Season changes irradiance and panel angle because the sun path changes height and day length through the year.
Summer sun sits higher in many mid-latitude locations, so lower tilt often aligns better with the high seasonal path. Winter sun sits lower, so steeper tilt often aligns better with the low seasonal path. The common seasonal method follows that pattern.
Season also changes shade and weather patterns. Low winter sun creates longer shadows. Cloud and snow patterns vary by climate. A panel-angle decision based on annual averages can miss month-specific irradiance behavior.
How do hourly values improve angle decisions?
Hourly irradiance values improve angle decisions by showing when the panel plane receives more or less sunlight.

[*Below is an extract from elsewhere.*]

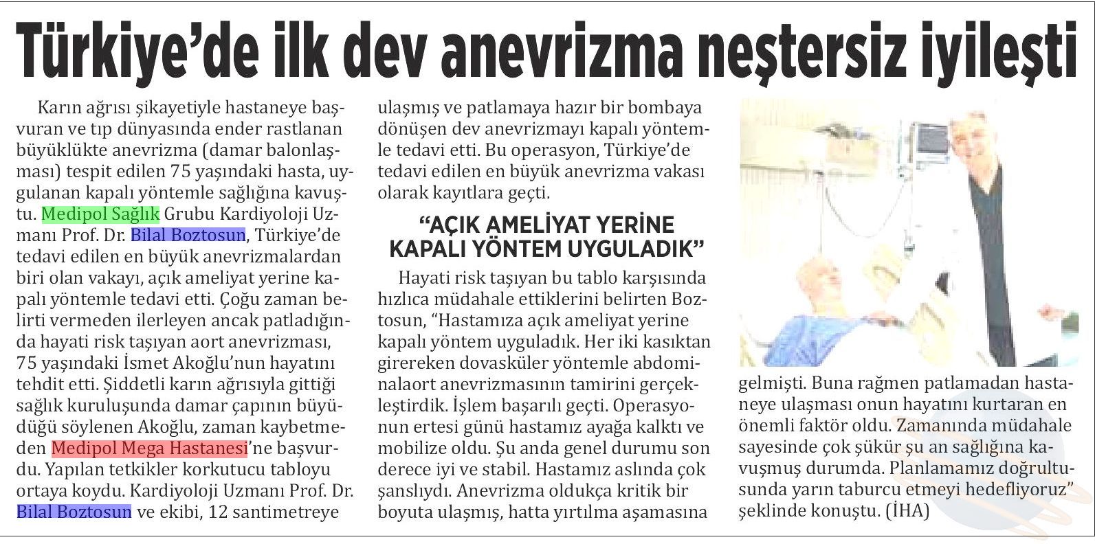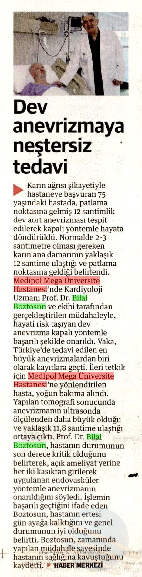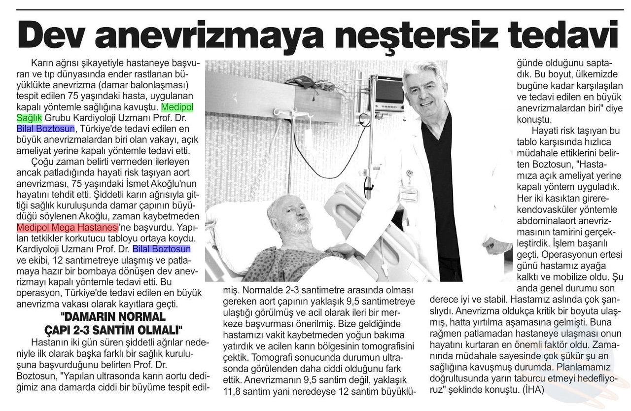 Karın ağrısı şikayetiyle hastaneye başvuran 75 yaşındaki İsmet Akoğlu’nda, tıp dünyasında ender rastlanan büyüklükte bir anevrizma (damar balonlaşması) tespit edildi. Normalde 2 santim olması gereken karın ana damarının 12 santime ulaşarak patlama noktasına geldiği belirlendi. Medipol Sağlık Grubu Kardiyoloji Uzmanı Prof. Dr. Bilal Boztosun, Türkiye’de tedavi edilen en büyük anevrizmalardan biri olan bu vakayı, açık ameliyat yerine kapalı yöntemle onardı.
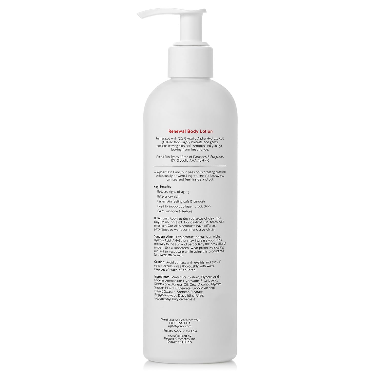 Alpha Skin Care Revitalizing Body Lotion 12% Glycolic AHA, Daily Moisturizer with Exfoliating & Hydrating Anti-Aging Formula, 12oz

Annual totals compress morning, midday, afternoon, summer, and winter into one number. Hourly plane-of-array irradiance shows how the array surface performs through individual time steps. PVWatts can return hourly plane-of-array irradiance when hourly output is selected.
Hourly values are useful for east-west comparisons, shade timing, and tracker analysis. A west-facing roof can look different in afternoon hours than an east-facing roof. A shaded roof can show loss during a specific sun-position window.
How does shade change irradiance on a tilted panel?
Shade changes irradiance on a tilted panel by blocking sunlight before it reaches the panel plane.
DOE Energy Saver identifies sunlight reaching the site as a solar planning factor. A strong tilt and azimuth do not remove shade from trees, buildings, chimneys, vents, dormers, parapets, terrain, or neighboring structures.
Shade also changes by time and season. Low winter sun creates longer shadows. Morning shade affects east-facing surfaces. Afternoon shade affects west-facing surfaces. Shade can dominate the irradiance result when the obstruction blocks the main exposure window.
How do soiling and albedo affect irradiance?
Soiling and albedo affect irradiance after panel angle has defined the receiving surface.
PVWatts includes soiling as a reduction in incident solar irradiance caused by dust or seasonal soiling on the module surface. PVWatts also includes albedo as ground reflectance. These values modify the resource reaching or reflecting toward the array plane.
Soiling is different from tilt, but tilt can influence how debris, dust, leaves, pollen, and snow remain on the glass. Albedo is different from tilt, but tilt and row geometry can change how reflected light reaches the panel surface, especially for bifacial systems.
How does mount type change irradiance?
Mount type changes irradiance because the mount defines whether the panel plane is fixed, roof-following, open-rack, or tracking.
PVWatts separates fixed open rack, fixed roof mounted, one-axis, one-axis backtracking, and two-axis array types. A fixed roof array inherits roof pitch and roof azimuth. An open rack can define its own tilt and azimuth. A tracker changes the surface over time.
Mount type also affects airflow, temperature, row spacing, and shade. Those variables sit outside a simple angle formula, but they shape modeled performance. The irradiance question begins with panel plane and then expands to site design.
How do you use irradiance in panel-angle planning?
Use irradiance in panel-angle planning by comparing how different tilt and azimuth choices change plane-of-array irradiance for the same location.
A clean comparison keeps location, weather dataset, system size, module assumptions, and losses the same. Then it changes tilt or azimuth. The output shows how the panel plane changes irradiance and modeled energy.
This method prevents a common mistake: judging angle only by latitude formulas. Latitude gives a useful starting point. Irradiance modeling shows how the surface interacts with local weather, sun path, and system assumptions.
Use one tool after this page: Check Solar Angle Loss.
Source Notes
- C001-C003: NREL PVWatts documents tilt, azimuth, and array type inputs.
- C004: NREL Solar Position Algorithm documents incidence-angle calculations.
- C005: NREL PVWatts documents plane-of-array irradiance, soiling, albedo, and output fields.
- C009: DOE Energy Saver identifies sunlight access as a solar planning factor.
- C012: Site methodology supports seasonal tilt context.